1. eu gostaria de estar realmente errado, sabe? mas vejo que anda difícil estar errado.

2. projetar a partitura é romper a terceira barreira, como dizia brecht.

3. “esse bolinho de chuva parece um golfinho com tumor”.

4. o taxista: “quando meu genro sai com minha filha falo ‘pega essa potranca mas nada de rapidinha heim, não é pra trazer ela de volta antes de 5 horas passadas’. aí eu pego o violino dela escondido, e fico tirando música de ouvido. quando ela chega e fala ‘alguém pegou no meu violino’ eu só pá, finjo que não, nada.”

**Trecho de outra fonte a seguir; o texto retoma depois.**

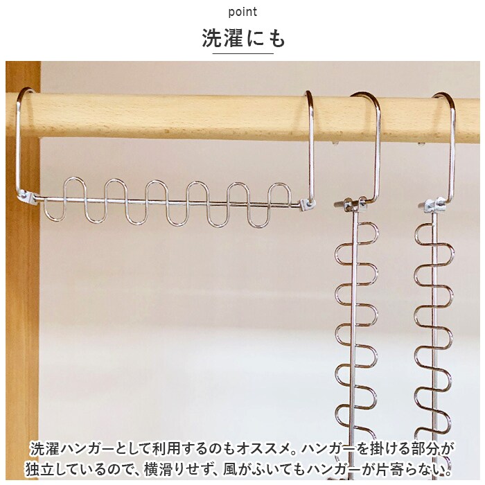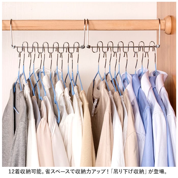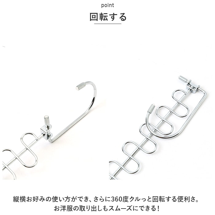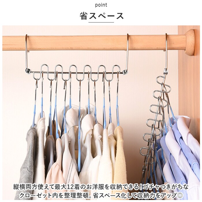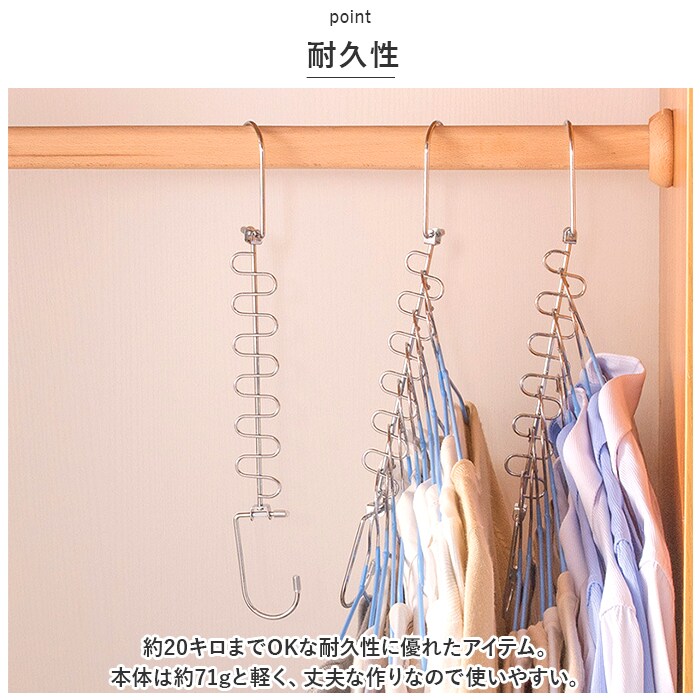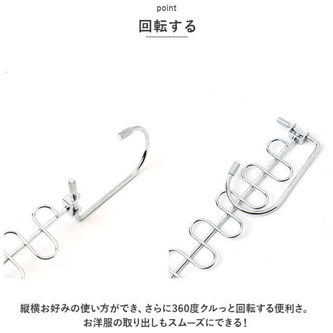 商品説明・12着収納可能。省スペースで収納力アップ!「吊り下げ収納」が登場。【省スペース】縦横両方使えて最大12着のお洋服を収納できる!ゴチャつきがちなクローゼット内を整理整頓。省スペース化して収納力をアップ◎【耐久性】約20キロまでOKな耐久性に優れたアイテム。本体は約71gと軽く、丈夫な作りなので使いやすい。【回転する】縦横お好みの使い方ができ、さらに360度クルっと回転する便利さ。お洋服の取り出しもスムーズにできる!【洗濯にも】洗濯ハンガーとして利用するのもオススメ。ハンガーを掛ける部分が独立しているので、横滑りせず、風がふいてもハンガーが片寄らない。【幅広く使える】幅広いアイテムを収納することができる。シャツ、パンツ、ジャケット、ネクタイやスカーフなど。幅広く収納できる。

5. eu não preciso ser fã de goddard.

6. em dias como esse, trabalhar 14 horas seguidas parece ser uma opção viável.

***

1. as pessoas andam mais discutindo gostos e afinidades do que argumentos, em filosofia.
2. seria, na verdade, a quarta parede.
3. paulo dantas e natacha maurer, ao mesmo tempo. marcelo muniz escreveu sobre essa improvável conclusão.
4. segundo matthias, o taxista mais louco a levá-lo a algum lugar: são paulo, um gaúcho que se definia como “o sogro mais filho da puta que existe”.
5. vide o meu último vídeo convite. eu deveria ter brincado com o lado do som também. falha minha, ou preguiça.
6. mas acabo bebendo cerveja entre a nona e décima hora.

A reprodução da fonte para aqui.